Return / Destruction

  • Return or certified destruction within 5 business days of request or termination.
  • Written certification of destruction required.

Term and Survival

  • Trade secrets: perpetual (or as long as trade secret status maintained).
  • Other confidential info: 3–5 years from last disclosure or termination, whichever is later.
  • Survival clauses for return, remedies, governing law.

Remedies

  • Injunctive relief and specific performance without bond.
  • Monetary damages, disgorgement, attorneys' fees and costs.
  • Liability for agents/advisors.
  • Optional liquidated damages only if state law permits and amount is reasonable.
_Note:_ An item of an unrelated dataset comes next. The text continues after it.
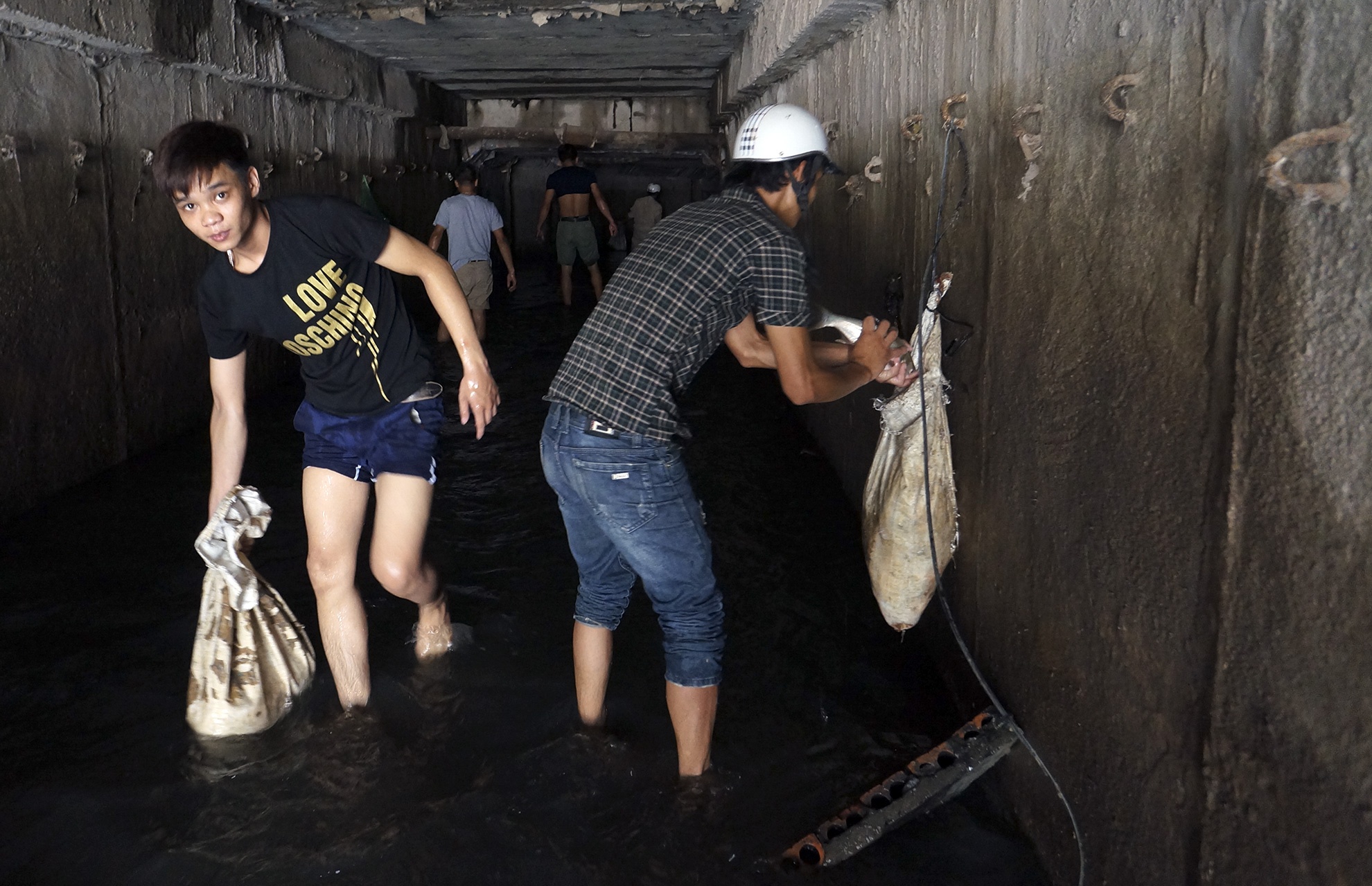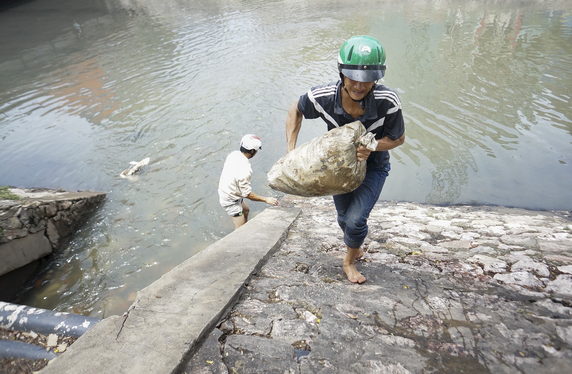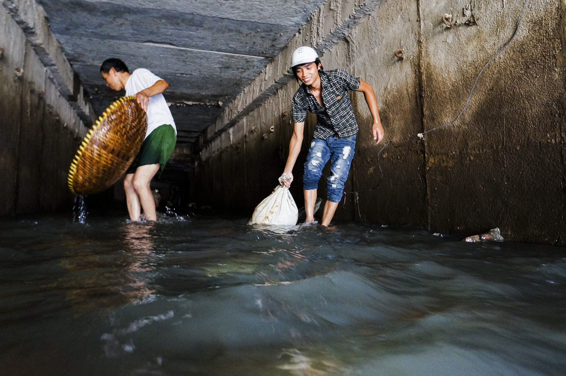 Sau trận mưa đêm 24/6, nhiều thanh niên ở Hà Nội đã bắt được hàng trăm con cá bằng tay dưới ống cống gần sông Kim Ngưu. Có người đã thu lượm được vài bao tải mang ra chợ bán.
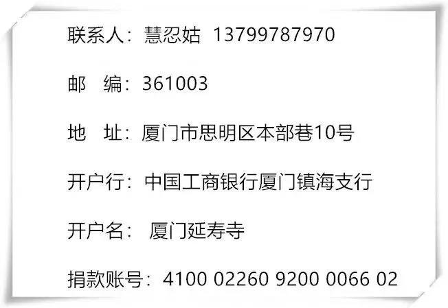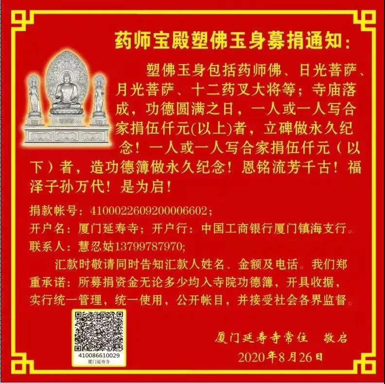 欣逢盛世,佛法興隆?,F(xiàn)任住持慧忍姑悲愿弘深,發(fā)心重建古寺。經(jīng)政府有關(guān)部門批準(zhǔn)同意,延壽寺易地遷建,選址于思明區(qū)大厝山。寺院重建項目包括山門、藥師寶殿、綜合樓(藏經(jīng)閣、延壽堂)等;以及塑佛玉身包括藥師佛、日光菩薩、月光菩薩、十二藥叉護(hù)法等。以道場莊嚴(yán)國土,行妙法慈濟(jì)有情。道場莊嚴(yán),非少力之所能成就;今道場施工建設(shè)中費用大,資金緊缺!施主洪福,仰仗諸佛威光庇佑。啟建道場,盛舉在即。懇請十方大德、檀越善信,社會賢達(dá)、慈善人士、慷慨解囊,鼎力捐助,同種福田,共同成就藥師道場,使延壽寺更好地造福大眾、促進(jìn)文化傳承與社會和諧做出力所能及的貢獻(xiàn)。共同祈愿祖國繁榮昌盛!國泰民安!世界和平!風(fēng)調(diào)雨順!

No License / No Obligation / No Reliance

  • No IP license or franchise rights granted.
  • No obligation to disclose or enter franchise agreement.
  • Recipient relies on own investigation; no warranties on accuracy/completeness.
  • No partnership, joint venture, or agency created.

Governing Law / Venue

  • Franchisor home state law; exclusive venue.
  • Consent to personal jurisdiction; waiver of inconvenient forum.
  • Optional arbitration carve-out preserving court access for injunctive relief.

Miscellaneous

  • Entire agreement, amendments in writing, severability, waiver, assignment limits.
  • Notice methods and addresses.

Pitfalls and Checks

  • Confirm consistency with franchise disclosure timing and the FTC Franchise Rule [VERIFY].
  • Avoid overbroad restrictions unenforceable under state law — keep scope tied to evaluation purpose.
  • Keep defined terms consistent and capitalized throughout.
  • Make exclusions proof-based and document-dependent.
  • Never allow blanket legal-compulsion disclosure without notice and protective order cooperation.
  • If using arbitration, preserve immediate court access for injunctive relief.
  • Ensure no IP license or franchise rights are implied anywhere in the agreement.